142nd APHA Annual Meeting and Exposition

Annual Meeting Recordings are now available for purchase

310718
Early Adoption of Hand Hygiene Prevention Interventions in US Emergency Departments: A Qualitative Study

142nd APHA Annual Meeting and Exposition (November 15 - November 19, 2014): http://www.apha.org/events-and-meetings/annual
Sunday, November 16, 2014

Leslie Mandel, PhD, MA, MSM , Department of Nursing, Science and Health Professions, Regis College, Weston, MA
Corine Sinette, MA, MPH , Department of Emergency Medicine, Brigham and Women’s Hospital, Boston, MA
Eileen Carter, BSN, RN, PhDc , School of Nursing, Columbia University, New York, NY
Jeremiah Schuur, MD, MHS , Department of Emergency Medicine, Brigham and Women’s Hospital, Boston, MA
Emergency Departments (ED) often function as the gateway to patient care before hospital admission. High throughput, crowding, built environment and variable patient conditions make EDs ideal settings for transmission of healthcare-associated infections (HAIs.) Hand hygiene (HH) to avert pathogen transmission is critical to HAI prevention efforts. Still, few US EDs address HAI prevention through comprehensive HH programs, and little is known about high performing HH programs in EDs.

We conducted a qualitative study of HH improvement programs in U.S. EDs enrolling high-performers, defined as those with active HH improvement projects, regular HH data collection, and sustained HH compliance of 80% or better. Sampling was informed by: results of a prior nationwide survey of EDs reporting HAI prevention activities (N=400 with 56% participating in HH programs), outreach to national Infection-prevention and ED associations, and snowball sampling.

Eighty-five interviews and 23 focus groups were conducted with administrators and front-line staff (N=~200) from 9 US EDs (56% urban, 44% suburban) selected to identify specific strategies and challenges to HH interventions. With even geographic distribution, sites were 2/3 adult, 1/3 pediatric EDs, and 40% in safety-net hospitals. ED size varied with (55%) serving >50,000 patients annually and the remainder equally divided between moderate-small EDs. More than half described efforts to address other HAIs. Data were thematically coded with NVIVO9.

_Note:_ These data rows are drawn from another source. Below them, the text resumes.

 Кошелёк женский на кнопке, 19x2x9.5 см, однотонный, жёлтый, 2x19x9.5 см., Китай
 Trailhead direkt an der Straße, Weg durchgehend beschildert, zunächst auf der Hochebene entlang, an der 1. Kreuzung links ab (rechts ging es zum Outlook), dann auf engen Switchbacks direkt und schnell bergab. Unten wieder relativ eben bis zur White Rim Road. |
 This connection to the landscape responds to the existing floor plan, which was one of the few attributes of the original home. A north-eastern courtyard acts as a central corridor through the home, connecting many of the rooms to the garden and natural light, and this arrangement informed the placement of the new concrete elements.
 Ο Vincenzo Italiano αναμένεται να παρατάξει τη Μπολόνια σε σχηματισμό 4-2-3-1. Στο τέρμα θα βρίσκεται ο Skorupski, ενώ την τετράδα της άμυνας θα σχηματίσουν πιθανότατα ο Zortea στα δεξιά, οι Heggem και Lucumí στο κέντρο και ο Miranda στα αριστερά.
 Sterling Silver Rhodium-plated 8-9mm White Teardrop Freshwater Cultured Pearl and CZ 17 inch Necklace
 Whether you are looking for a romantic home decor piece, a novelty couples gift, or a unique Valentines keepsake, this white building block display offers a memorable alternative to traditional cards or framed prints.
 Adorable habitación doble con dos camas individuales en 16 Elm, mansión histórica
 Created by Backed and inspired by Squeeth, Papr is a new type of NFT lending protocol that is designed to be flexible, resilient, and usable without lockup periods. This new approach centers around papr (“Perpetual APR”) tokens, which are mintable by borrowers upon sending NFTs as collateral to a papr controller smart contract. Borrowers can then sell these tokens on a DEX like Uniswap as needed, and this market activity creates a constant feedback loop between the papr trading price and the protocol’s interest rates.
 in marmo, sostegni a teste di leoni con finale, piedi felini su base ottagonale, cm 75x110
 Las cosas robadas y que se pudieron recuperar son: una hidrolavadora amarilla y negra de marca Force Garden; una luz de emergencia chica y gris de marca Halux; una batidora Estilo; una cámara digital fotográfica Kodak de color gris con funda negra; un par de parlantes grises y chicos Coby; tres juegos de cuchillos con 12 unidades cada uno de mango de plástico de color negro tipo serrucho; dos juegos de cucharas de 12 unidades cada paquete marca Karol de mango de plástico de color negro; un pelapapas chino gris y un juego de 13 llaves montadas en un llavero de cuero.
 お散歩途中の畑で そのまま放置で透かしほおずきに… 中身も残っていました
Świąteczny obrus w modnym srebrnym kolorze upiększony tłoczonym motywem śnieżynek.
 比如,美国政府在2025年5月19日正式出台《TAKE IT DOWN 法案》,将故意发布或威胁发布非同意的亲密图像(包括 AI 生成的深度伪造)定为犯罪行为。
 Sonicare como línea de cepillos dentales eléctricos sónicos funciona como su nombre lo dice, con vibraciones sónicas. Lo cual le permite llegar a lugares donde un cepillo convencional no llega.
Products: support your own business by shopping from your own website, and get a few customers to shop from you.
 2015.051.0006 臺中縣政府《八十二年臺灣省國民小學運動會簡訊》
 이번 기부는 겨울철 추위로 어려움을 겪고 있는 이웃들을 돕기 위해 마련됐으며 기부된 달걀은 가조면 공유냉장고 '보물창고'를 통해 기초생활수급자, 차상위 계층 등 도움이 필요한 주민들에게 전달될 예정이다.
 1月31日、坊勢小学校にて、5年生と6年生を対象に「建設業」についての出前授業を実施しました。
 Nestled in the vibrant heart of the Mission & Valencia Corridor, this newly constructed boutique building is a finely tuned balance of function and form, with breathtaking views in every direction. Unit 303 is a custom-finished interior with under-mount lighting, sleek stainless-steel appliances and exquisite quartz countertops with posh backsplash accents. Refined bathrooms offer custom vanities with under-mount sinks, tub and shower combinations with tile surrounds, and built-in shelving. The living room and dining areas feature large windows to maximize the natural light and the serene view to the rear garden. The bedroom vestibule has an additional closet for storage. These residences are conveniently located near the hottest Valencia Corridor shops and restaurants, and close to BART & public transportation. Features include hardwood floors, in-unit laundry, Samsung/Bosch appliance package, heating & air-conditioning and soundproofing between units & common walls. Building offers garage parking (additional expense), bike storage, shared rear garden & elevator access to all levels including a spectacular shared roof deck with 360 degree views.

EDs can successfully adopt, implement, and sustain HH prevention programs with systematic oversight via covert/overt observation, transparent data dissemination, real-time feedback, and project champion involvement. Challenges include physical space/design, message over-saturation and inconsistent staff compliance. Local adaptations can be made to accommodate concerns. Techniques of high-performing EDs offer a model for others. Facilitating broader ED adoption of HH programs will be discussed.

Learning Areas:

Administer health education strategies, interventions and programs
Administration, management, leadership
Epidemiology
Implementation of health education strategies, interventions and programs
Other professions or practice related to public health
Planning of health education strategies, interventions, and programs

Learning Objectives:
Explain the need to target emergency departments in efforts to reduce Healthcare-Acquired Infections. Describe the use of qualitative methods to capture details of healthcare-acquired infection prevention practices in U.S. Emergency Departments, focusing on hand hygiene Identify and compare strategies and challenges to implementation and sustainability of Hand Hygiene Initiatives among early adopters in U.S. Emergency Departments Discuss opportunities to utilize best practices to facilitate broader adoption of comprehensive Hand Hygiene programs in US Emergency Departments Demonstrate ways in which healthcare administrators and infection-prevention professionals can use qualitative methods to explore organizational factors and address quality improvement issues pertaining to healthcare-acquired infections.

Keyword(s): Emergency Medical Services, Quality Improvement

Presenting author's disclosure statement:

Qualified on the content I am responsible for because: I have an extensive background with designing, conducting, analyzing, and teaching qualitative research. I am an experienced researcher and evaluator of health and public health programs. I am a co-investigator on the study being presented. I was an active participant in both the qualitative data collection and analysis phases of the project described in the abstract. Finally, I am a long-standing APHA member and have previously reviewed abstracts and presented data at APHA annual meetings.
Any relevant financial relationships? No

I agree to comply with the American Public Health Association Conflict of Interest and Commercial Support Guidelines, and to disclose to the participants any off-label or experimental uses of a commercial product or service discussed in my presentation.